■ **Source data**
_ _ _ _ _

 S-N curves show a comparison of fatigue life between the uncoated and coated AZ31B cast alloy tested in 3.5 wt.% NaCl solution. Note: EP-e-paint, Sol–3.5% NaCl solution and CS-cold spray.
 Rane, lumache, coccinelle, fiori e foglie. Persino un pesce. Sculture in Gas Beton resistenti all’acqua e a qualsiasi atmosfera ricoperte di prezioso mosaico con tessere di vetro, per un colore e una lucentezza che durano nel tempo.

_ _ _ _ _

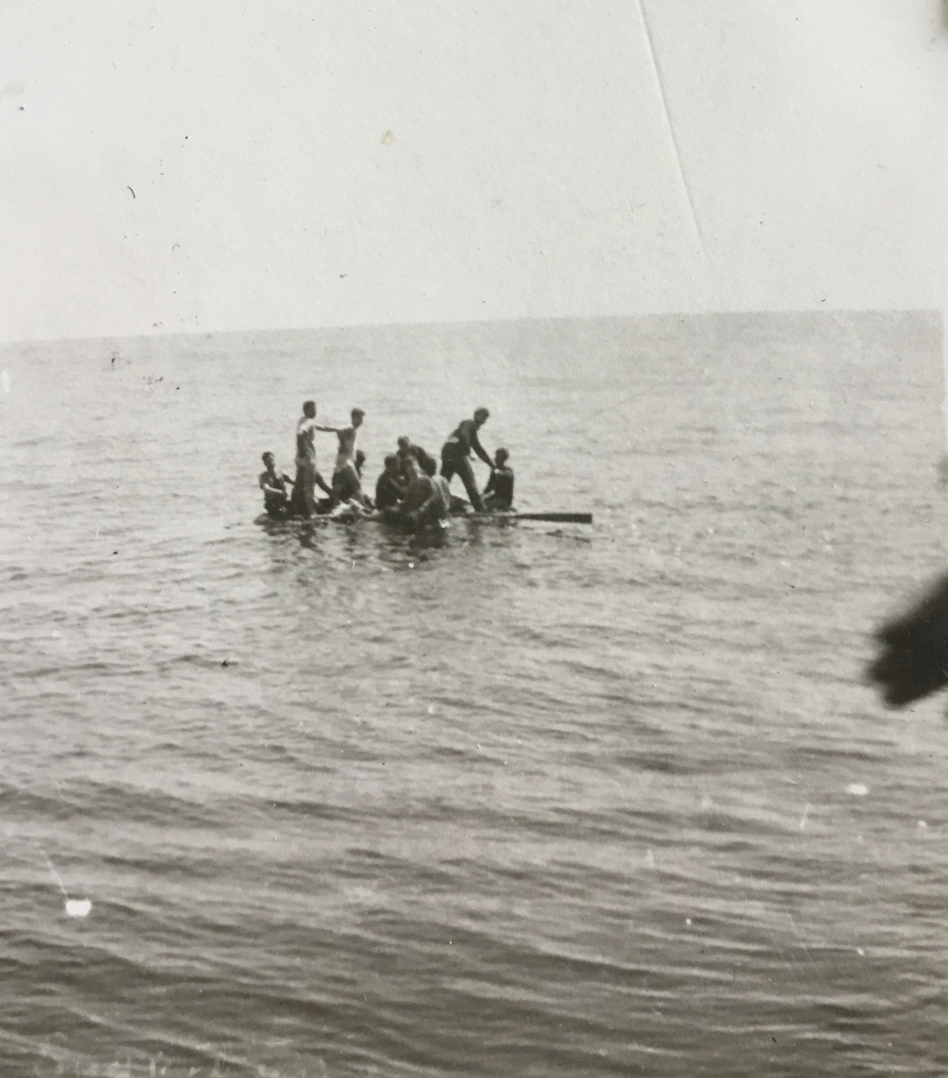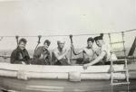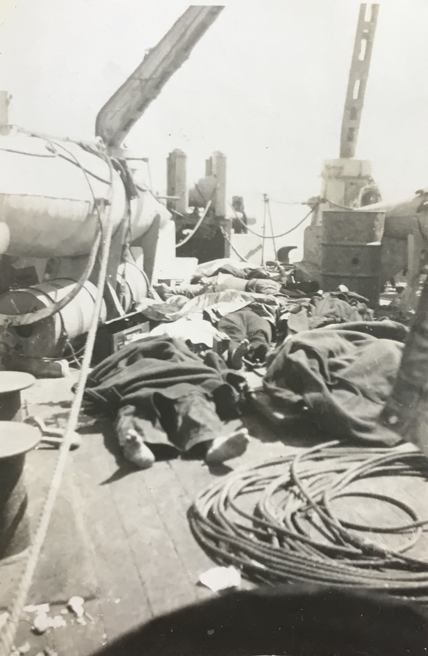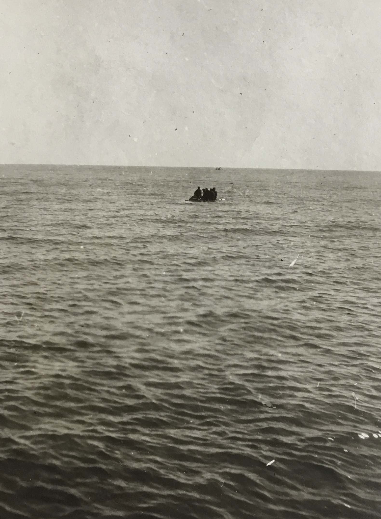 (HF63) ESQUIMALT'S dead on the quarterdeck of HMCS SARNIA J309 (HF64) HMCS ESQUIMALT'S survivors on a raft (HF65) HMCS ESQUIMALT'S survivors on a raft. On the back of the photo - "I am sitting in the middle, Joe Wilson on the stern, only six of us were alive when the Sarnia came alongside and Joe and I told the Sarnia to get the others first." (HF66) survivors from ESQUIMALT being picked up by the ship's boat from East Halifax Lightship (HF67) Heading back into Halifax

_ _ _ _ _

■ **Task**
Within the material above, the line with "S-N curves show" opens the range and the line with "Rane, lumache, coccinelle, fiori" closes it; reproduce that range word for word.

■ **Exercise answer**
 S-N curves show a comparison of fatigue life between the uncoated and coated AZ31B cast alloy tested in 3.5 wt.% NaCl solution. Note: EP-e-paint, Sol–3.5% NaCl solution and CS-cold spray.
 Rane, lumache, coccinelle, fiori e foglie. Persino un pesce. Sculture in Gas Beton resistenti all’acqua e a qualsiasi atmosfera ricoperte di prezioso mosaico con tessere di vetro, per un colore e una lucentezza che durano nel tempo.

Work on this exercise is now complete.